Customer creates multiple LUN clones for different LUN in 5800 V3. In the process of Clone LUN operation, one clone LUN is reported Warning：Switchover failure occurred on the LUN in the storage pool.
Alarm information as follows:
Why does separately switch owner controller of slave LUN?
According to logs, before report Warning “Lun Switchover failure”, there are alarms about the disconnection between host initiator and storage front port.

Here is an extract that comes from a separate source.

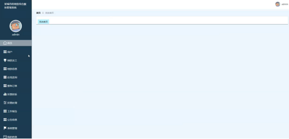 管理员点击登录摁钮进入某城市的地铁综合服务管理系统对首页、用户、地铁员工、地铁信息、在线咨询、票务订单、反馈投诉、反馈处理、工作报告、公告信息、系统管理、我的信息等功能,进行相应操作,如图5-7所示。

According to initiator WWN, confirm that the host disconnected is BackUp_DMS_Host：
According to running logs, confirm that slave LUN 314 is mapped to host BackUp_DMS_Host：
To check multipath logs, it confirms that all the four physical links were ever interrupted between the host BackUp_DMS_Host and the storage：
These four physical links recover now：
And physical link 1 which connects target 260b8038bc1df01d (link 1 connects to storage controller A, port p3) resumed earlier than physical link 2 which connects target 26198038bc1df01d (link 2 connects to storage controller B, port p1). Time interval is more than 5s.

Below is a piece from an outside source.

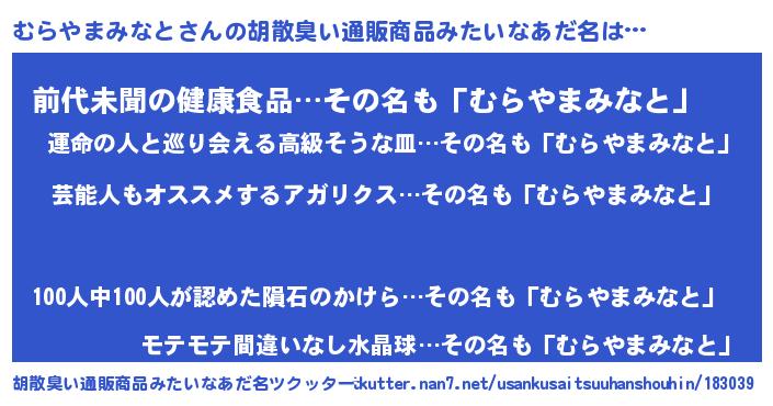 | ヘコむあだ名 | 『むらやまみなと(笑)』『むらにー』 |

When host multipath find one link recover, and no other path is reported in more than 5s, it will select the recovered link as the optimal path to send command about switching LUN controller. When the link 1 recovered, the link 2 is not reported path recovery in more than 5s. So multipath sent command to switch owner controller of slave LUN 314 to controller A , link 1：
This results that slave LUN 314 can’t switch owner controller and reports alarm as the relationship of clone. So far, there was a disconnect link between BackUp_DMS_Host and storage. To check the cable connection between host and storage, it’s found that the fiber optic cable is loose. So do the operation to reinforce the cable.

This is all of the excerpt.